Guatemala heads to the polls amidst electoral distrust


guatemala

Critical flaws in the manual vote system mar elections in Guatemala (Photo: http://www.elnuevoherald.com)

Violent elections without results. This is what Guatemala experienced after a “statistical tie” between the second and third presidential candidates prevented the High Electoral Court (TSE) from emitting results in order to clear doubts about who would be the contestants for the second round, scheduled for October 25.

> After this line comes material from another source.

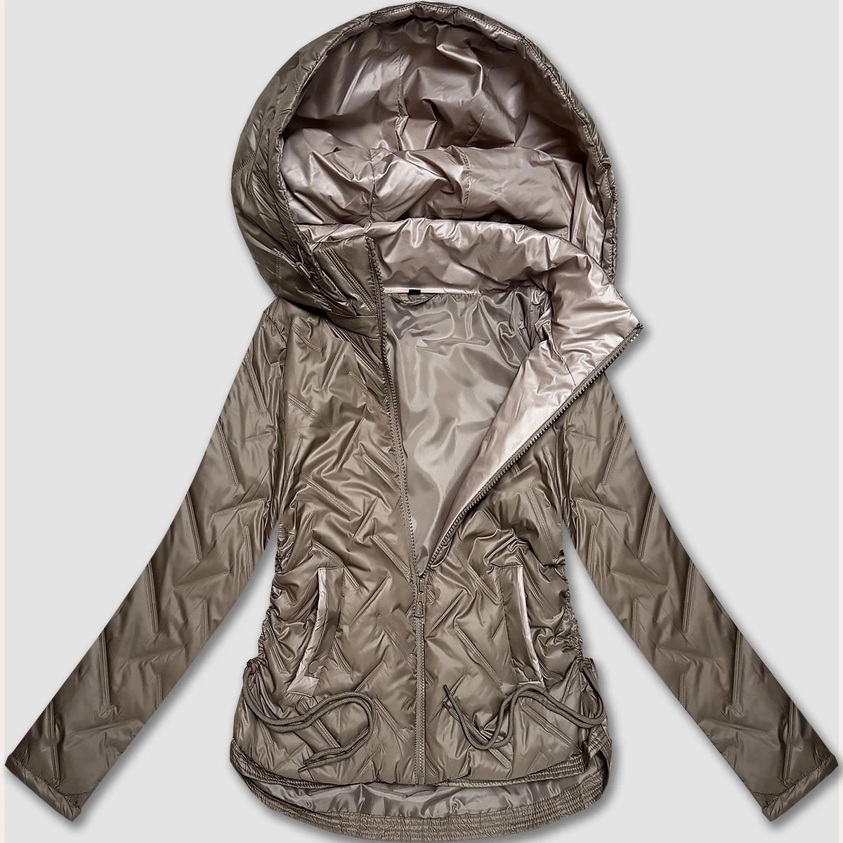Béžová lehká dámská plus size bunda s kapucí S'West (B8558-12)

This is the dismal panorama the world and Guatemala have seen on the wake of the September 6 general elections. A precarious electoral system held the country against the wall, as while TSE stated that there had been no fraud, the feeble manual vote system made it impossible to count the votes from a 100% of the poll stations.

179 precinct counts (that is, 0.91% of the 19,582 vote collection boards) kept the country waiting anxiously, as they were not tallied to yield definitive results of the elections for the presidency.

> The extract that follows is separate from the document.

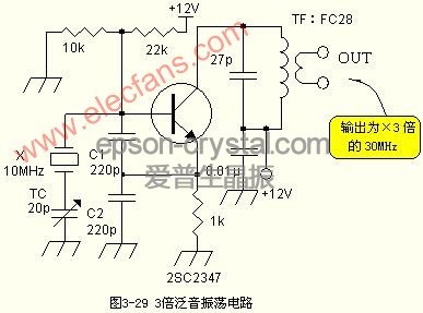 (此为利用无调整电路的高谐波成分,在输出的谐振电路取出3倍频的30MHz信号。)

Rudy Pineda, president of the TSE, asked citizens to remain calm, but the Public Ministry admitted there were violent incidents that resulted in more than 500 arrests and 34 policemen injured during the electoral event, as well as street blockages and riots, and even the murder of a newly elected council member during the long wait for the final results.

The preliminary results give Jimmy Morales 23.85% of the votes, placing him at the top of the race, but the second place was narrowly contended by ex-First Lady Sandra Torres from UNE (19.76%), and businessman Manuel Baldizón from Líder (19.64%). The difference amounted to 5,958 votes, but Baldizón decided to withdraw from the election, as he regarded the electoral process as illegitimate.

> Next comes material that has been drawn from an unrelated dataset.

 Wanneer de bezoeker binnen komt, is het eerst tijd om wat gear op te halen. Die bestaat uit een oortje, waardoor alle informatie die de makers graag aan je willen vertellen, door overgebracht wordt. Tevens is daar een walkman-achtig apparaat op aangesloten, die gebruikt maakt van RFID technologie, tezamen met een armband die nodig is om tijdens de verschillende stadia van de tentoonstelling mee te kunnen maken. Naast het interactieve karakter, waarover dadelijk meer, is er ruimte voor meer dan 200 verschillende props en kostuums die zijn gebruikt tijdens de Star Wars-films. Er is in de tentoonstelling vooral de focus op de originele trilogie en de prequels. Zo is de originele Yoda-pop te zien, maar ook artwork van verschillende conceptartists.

Regardless of the fact that the TSE announced the winning candidates resulting from the final count, Guatemala’s electoral system was severely injured by Baldizón’s withdrawal. Nobel Prize winner Rigoberta Menchú criticized the election, stating that it “has no credibility, no legitimacy, and no suitability.”

Baldizón even suggested that “there are gross signs of fraud.” He mentioned the alleged existence of a “double computing system”, as although his party got nearly 50 deputies to the Congress and 140 out of 338 mayors’ posts, those votes did not reflect on the presidential election.

The country is currently trying to overcome the risk represented by electoral fraud, but soon enough it will have to face the weakness of its manual voting system. Automating the process, or at least key parts of the election, may allow Guatemala to eradicate its flaws and evils, and finally find the path toward electoral transparency.